- Admissible heuristic h(currentNode,goal)
- We will not accidentally miss an optimal solution.
- In the case of optimal path planning: An admissible heuristic is any "Lower Bound" on the remaining distance to the goal.
- L1-norm is NOT an admissible heuristic, because it gives an overestimation of the distance.
- Priority queue sorting order:
- A* uses 'cost-to-start + admissible heuristic'
- Dijkstra uses 'cost-to-start'
:::warning
Function AStarAlgorithm(G,start,goal,Q)
UNVISITED ← V\{start}
while Q.top()≠Ø
v ← Q.pop()
while v.neighbor()≠Ø
u ← v.nextneighbor()
if u ∈ UNVISITED or u.costToStart > v.costToStart + cost(v,u)
UNVISITED ← UNVISITED\{u}
u.parent ← v
u.costToStart ← v.costToStart + cost(v,u)

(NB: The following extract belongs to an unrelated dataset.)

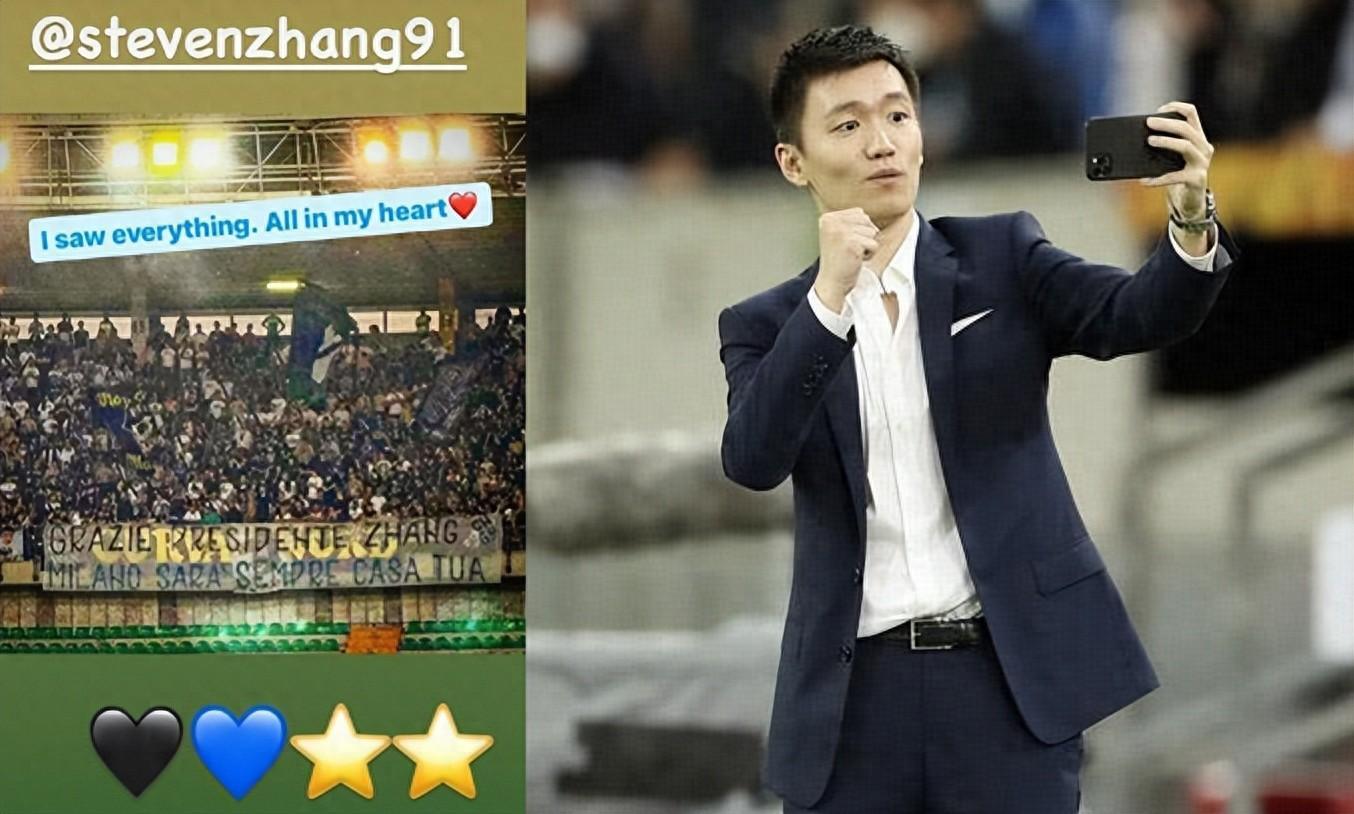 雖然張康陽的國米所有權被奪走了,但藍黑擁躉還是非常支持他的,投來滿滿的敬畏,北看臺球迷組織甚至在看臺上掛出了一條橫幅:“感謝張康陽,米蘭城永遠是你的家。”隨後,張康陽久違更新了個人社交平臺,曬出了一張球迷看臺的橫幅照片,配文:“我都看到了,這一切都在我心中!”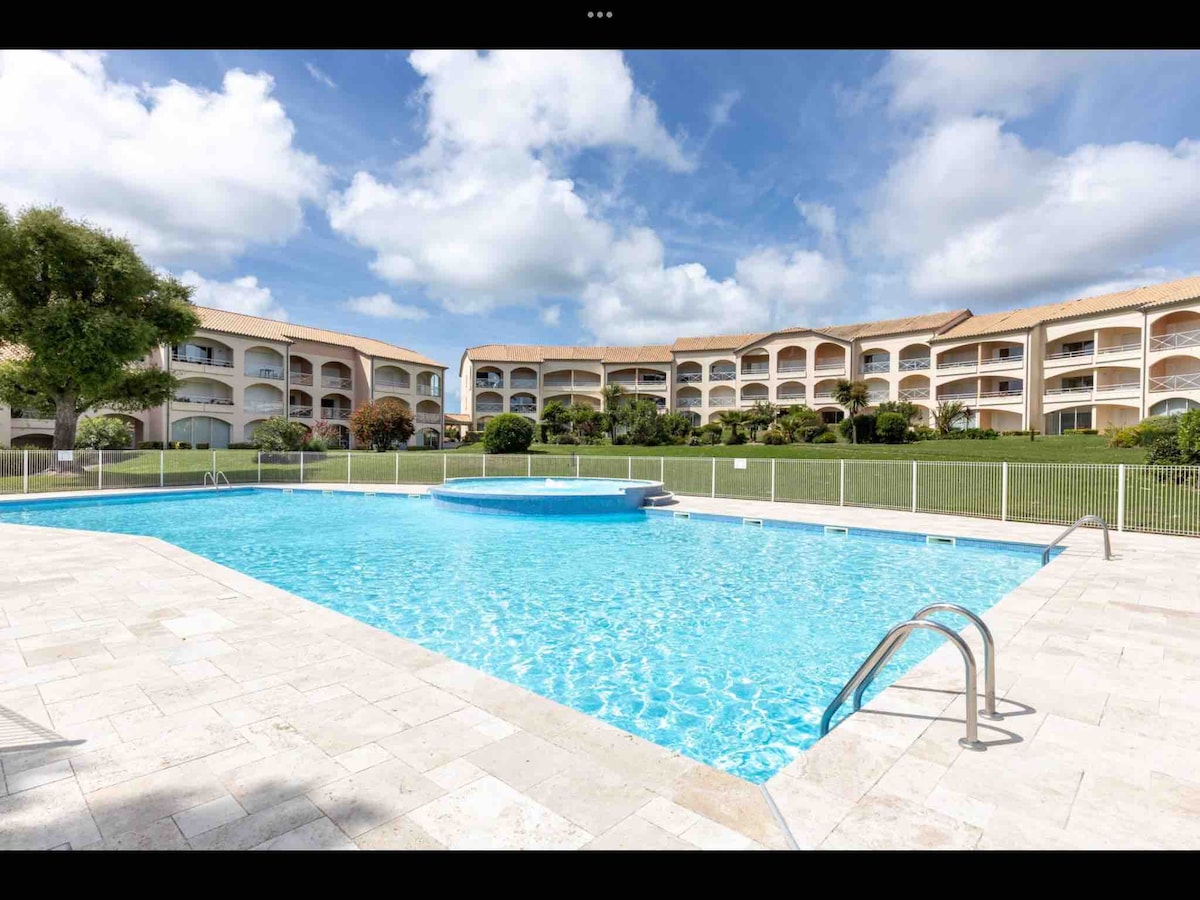 Zöld környezetben, Landes ház 4-6 ággyal a Moliets et Maà golfpálya szívében. Hozzáférhetsz a számos úszómedencéhez, beleértve a június közepétől szeptemberig fűtött medencét, valamint a rezidencián belüli sportlétesítményeket ( kosárlabda, pingpongasztal, pétanque...) The ocean including its cork oak beach is 800m walk or bike or central beach 1.2kms away

Q.update(u,u.costToStart+h(u,goal))
if v = goal
return SUCCESS
return FAILURE
:::
:::warning Construct a nxn 8-connected Grid Graph
import networkx as nx
n = 4
G = nx.grid_2d_graph(n,n)
Node Initialization: Assign index from 1, set costs as zero, and label parent and 'visited' property.
idx = 1
for node in G.nodes:
G.nodes[node]['idx'] = idx
G.nodes[node]['g'] = 0
G.nodes[node]['h'] = 0
G.nodes[node]['f'] = 0
G.nodes[node]['parent'] = None
G.nodes[node]['visited']= False
if idx == start_idx:
start_node = node
idx = idx+1
Note that the default setting of grid graph in networkX is 4-connected, so we need to add diagonal edges manually to have graph 8-connected and set weights of the diagonal edges as 1.414 to ensure triangle inequality.
# Set all weights to 1
for edge in G.edges:
G.edges[edge]['weight'] = 1
# Add diagonal edges to make 8-connected grid
G.add_edges_from([
((x, y), (x+1, y+1))
for x in range(n-1)
for y in range(n-1)
] + [
((x+1, y), (x, y+1))
for x in range(n-1)
for y in range(n-1)
], weight=1.414)
A* starts here
# Initialize priority queue and visited list
Q = []
VISITED = [] # visited list
path = []
Q.append(start_node)
if len(Q) > 0:
current_node = Q.pop(0)
G.nodes[current_node]['visited'] = True
VISITED.append(current_node)
if current_node == goal_node:
print('Goal!')
path = backTrace(G, VISITED)
reachGoal = True
neighbors = G.neighbors(current_node)
for neighbor in neighbors:
if neighbor not in obs_list:
current_g = G.nodes[neighbor]['g']
new_g = G.nodes[current_node]['g']+ G.get_edge_data(current_node,neighbor)['weight']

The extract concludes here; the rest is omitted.